Modern technology allows businesses to easily collect, store and use vast amounts of personal data about their customers. In the hospitality industry, hotels can use this powerful data to enhance, streamline and personalise guest experiences. However, with great power comes great responsibility, and hospitality businesses need to ensure that they handle their data responsibly.
Having previously been a partner at Clyde & Co LLP and Locke Lorde LLP, and with a legal career that includes specialisation in data protection, privacy and IT, few are better equipped than Katten Muchin Rosenman UK LLP Partner Alan Meneghetti to offer guidance to hoteliers on how to handle sensitive guest data carefully.
We chatted with Alan to get the expert's opinion on how hoteliers can ensure they are treating their guest data with the care it deserves, and in compliance with current and incoming data protection laws.
Where did you first begin to work with hotels and the hospitality industry?
My first venture into hospitality was working as a room attendant at Sir Rocco Forte’s fledgling group’s first hotel, the Balmoral Hotel, in Edinburgh. I went on from that to be a trainee hotel manager at the Balmoral and then to work as Restaurant Manager at Sir Rocco’s first purpose-built hotel in Cardiff Bay, the St David’s Hotel & Spa (which the group has since sold).
I knew that I loved the hotel business and spent a long time trying to work out how I could combine it with law, which I had read at both the University of Cape Town and the University of Aberdeen.
How do you think hotels will be affected by the new privacy laws coming into effect next year?
Hotels, as with most other businesses, will need to ensure that they are up to speed with the requirements of the General Data Protection Regulation (GDPR), which commences across the EU on 25 May 2018, and ensure that their systems and agreements with their contractors are compliant with the requirements detailed in the GDPR (many of which are either new or extensions of the requirements under the existing European legislation).
Hotels hold an enormous amount of personal data and, quite often, personal data which is of a sensitive nature
It is also worth remembering that the GDPR does not only apply to hotels operating in the EU, but also to those which offer services to customers in the EU (for example, gift cards, mail order and so on).

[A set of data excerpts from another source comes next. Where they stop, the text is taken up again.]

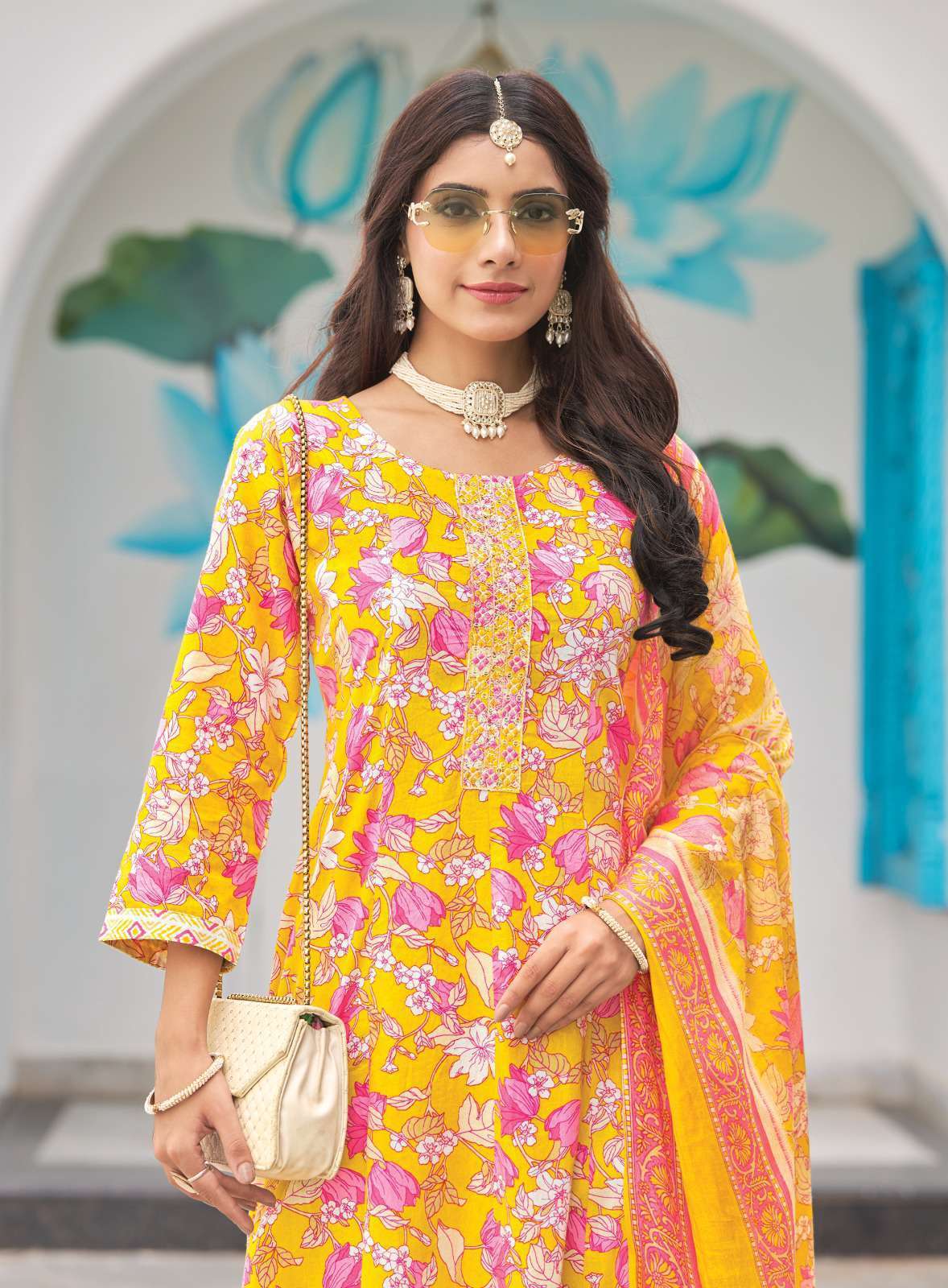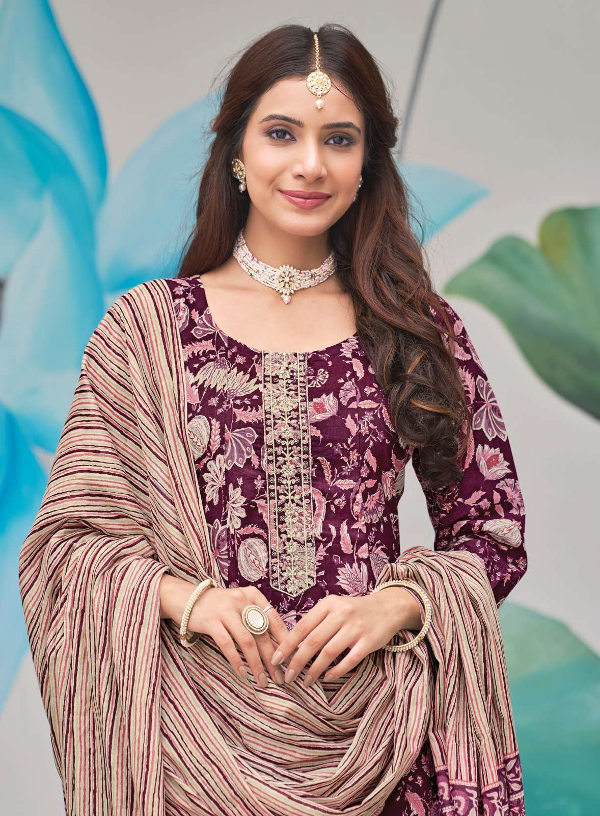 FABRIC - HEAVY PURE COTTON PRINT WITH EMBROIDERY WORK
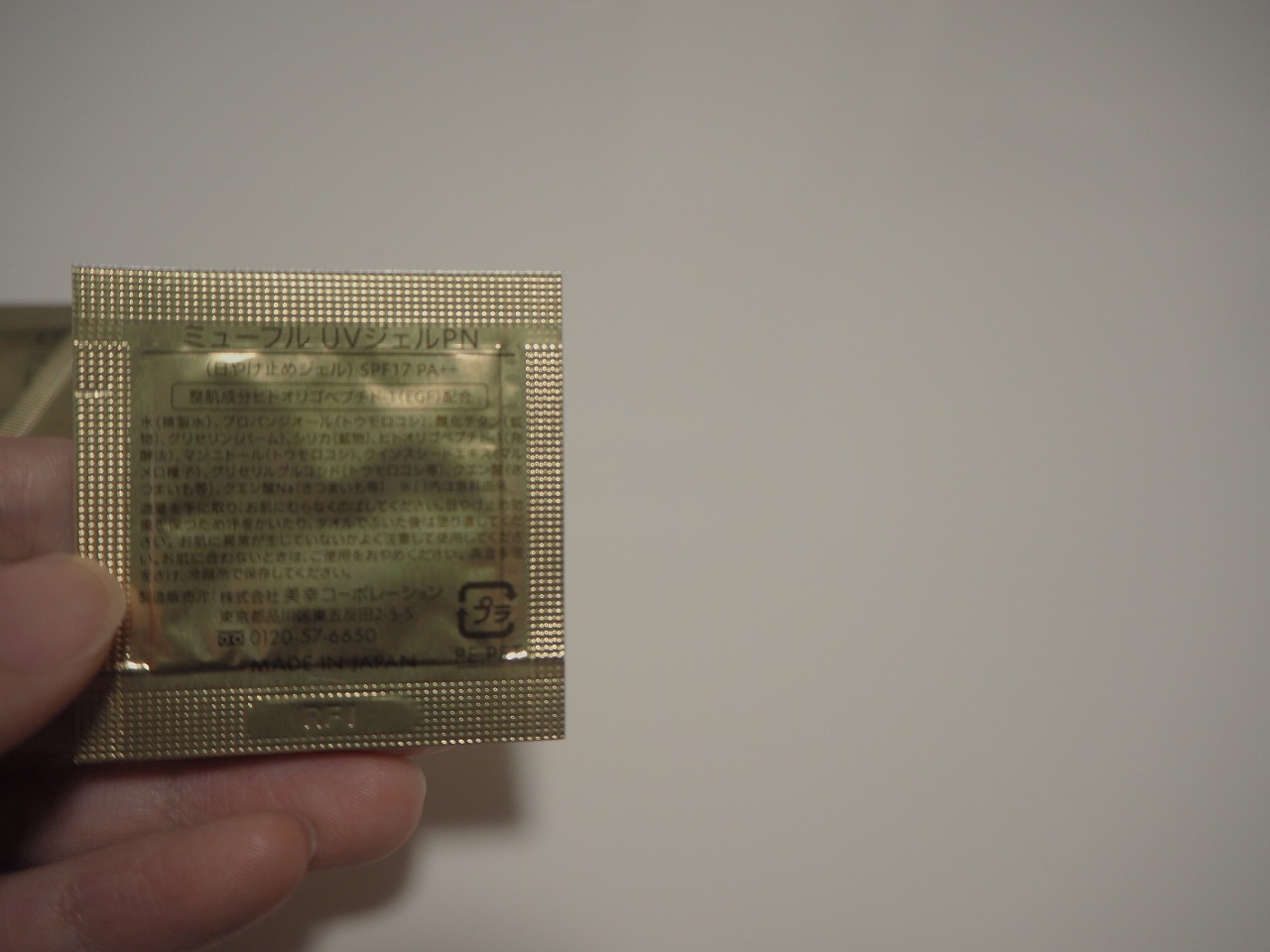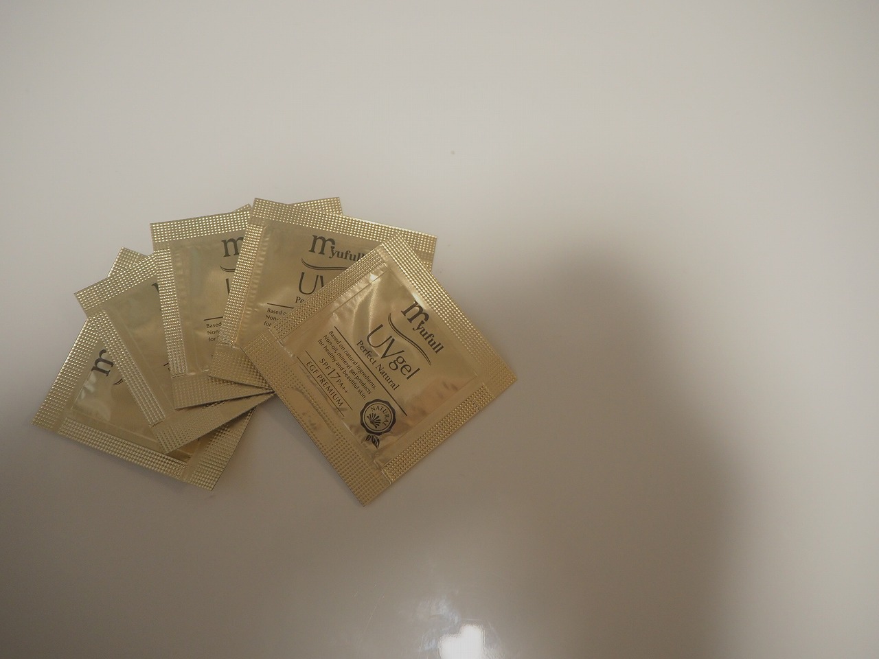 ミューフル UVジェルPN ラミネートパック5個セットは、紫外線吸収剤不使用のUVジェル。スキンケアで肌を整えたあと、1円玉大を手にとり、顔全体に伸ばすだけ。今回試したのは、これ。
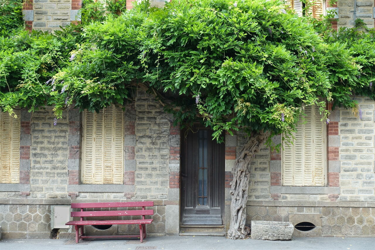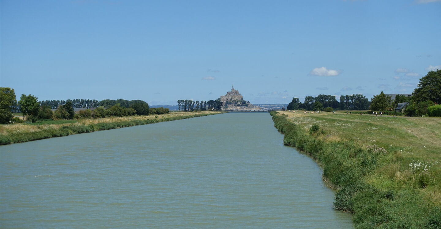 Bei dem ersten Kreisverkehr mit dem Springbrunnen gehen wir fortan auf der rechten Uferseite des Flusslaufes des Couesnon, auch ausgeschildert Richtung Le Mont-Saint-Michel. Es geht durch einen angelegten Garten mit exotischen Bäumen und vorbei an prachtvollen Villen. Die Wegführung ist immer eindeutig. Im weiteren Verlauf unterqueren wir die Bundesstraße und gelangen zur 02 ersten Brücke (1 m). In der Ferne kann man bereits die Kirchturmspitze der Abtei sehen.
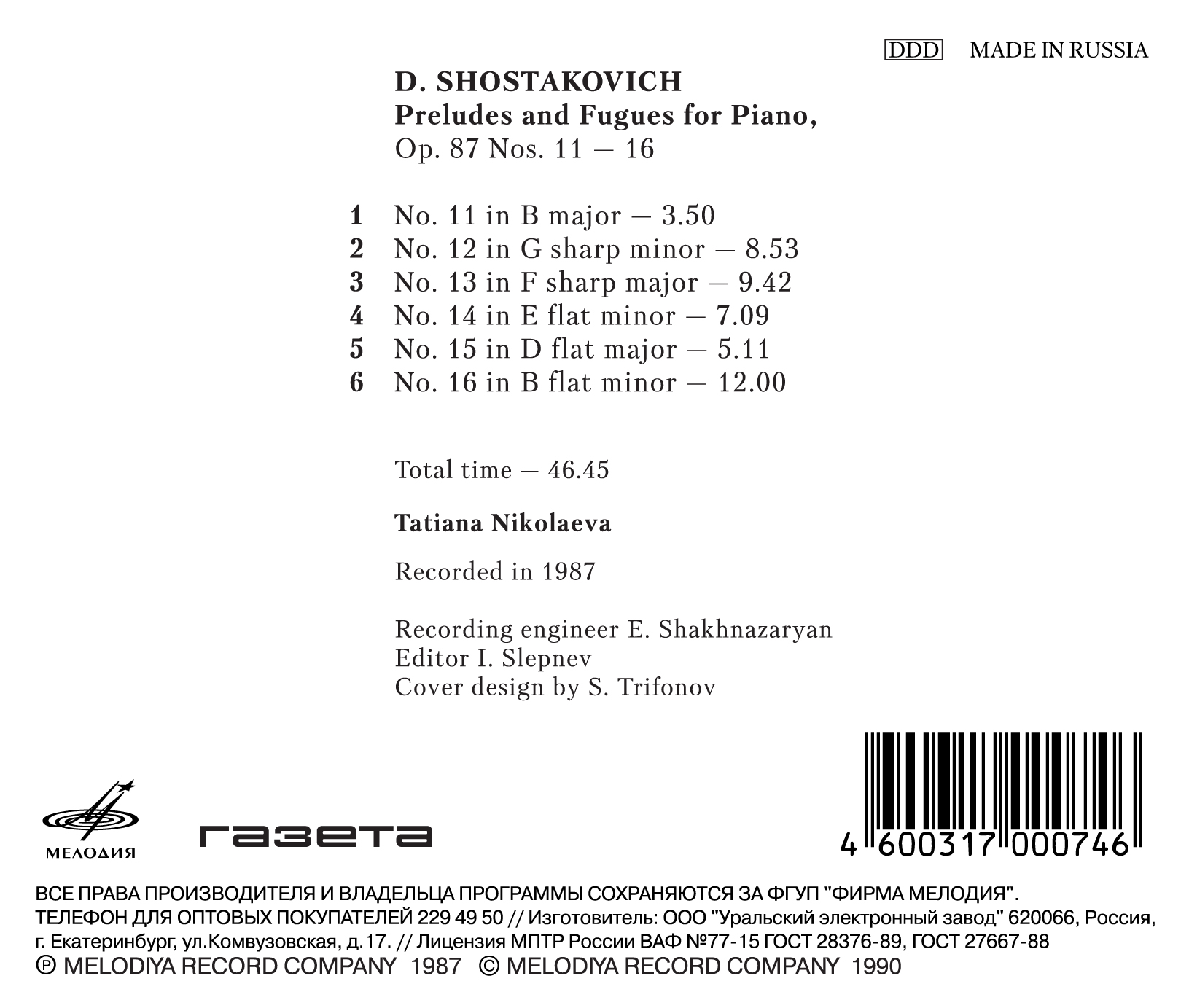 Прелюдии и фуги, соч. 87 по праву заняли теперь свое достойнейшее место в жизни. Они стали классикой. Я очень горда тем, что была первым интерпретатором цикла, что исполняю его целиком в два вечера, как и было задумано автором.

With the rise of personalisation and hotels asking guests for more data than ever and often on different platforms, do hotels in general put enough emphasis on data security?
No, but then I don’t think most businesses do! Hotels hold an enormous amount of personal data and, quite often, personal data which is of a sensitive nature (for example, information about guests’ medical conditions or meal choices which may indicate a religious preference), not to mention credit card and billing information. As a result of this, the data that hotels hold is particularly valuable and presents a prize target for thieves and fraudsters wishing to exploit vulnerabilities in a hotel’s IT network.
Hotels need to ensure that they know exactly what data they hold, how long they are holding it for, where they are holding it and what security measures they have in place to safeguard that data (as well as whether that security is currently sufficient – something which requires constant evaluation).
Can hotels expect increased pressure to be transparent about how they are protecting guest data?
Not necessarily so, in a general sense, although if there is an incident relating to personal data held by or on behalf of a hotel, the hotel must be in a position to respond to that. It is imperative that hoteliers have a plan in place for handling data incidents that is agreed upon and rehearsed in advance. Hoteliers also need to be prepared to explain to an investigating regulatory authority how its systems are set up and why it believes them to be sufficient to protect the data which the hotel holds.
It is imperative that hoteliers have a plan in place for handling data incidents that is agreed upon and rehearsed in advance.
What is the first question a hotelier should ask when assessing whether their security measures are good enough?
How strong, and where, is the weakest part of my network? This is where the vulnerability lies.
Is there a chance that hotel staff could unwittingly be breaching privacy laws or regulations, particularly in smaller hotels?
I think that there is every chance that this is the case. For example, does the hotel use a cloud service provider to back up its personal data and, if so, where does that cloud service provider physically store the data? If it is outside the European Economic Area (EEA), is the hotel able to point to a lawful ground (such as guest consent) to permit the export of this personal data outside the EEA?
Hotels need to ensure that they know exactly what data they hold, how long they are holding it for, where they are holding it and what security measures they have in place to safeguard that data
What advice would you give to independent hoteliers to ensure they comply with the new privacy laws?
Spend a little bit of time getting to know your obligations under the GDPR and your network infrastructure. You can then work out if you need to update your customer and supplier agreements and your IT network, and create a plan to detail the areas that need addressing in order of priority.
What’s the best hotel you’ve ever stayed at?
May I have two please? I love the Balmoral in Edinburgh because it is just so beautiful and perfectly decorated and I have watched it evolve since I first went there in 1996. Hadrian’s and Number One are also two of my favourite restaurants – amazing food, great service, and both in settings which perfectly complement the food they serve. And then the Imperial in New Delhi, which has the most amazing food and service, and is a haven of calm and tranquillity in the middle of a thriving, bustling and generally very busy city.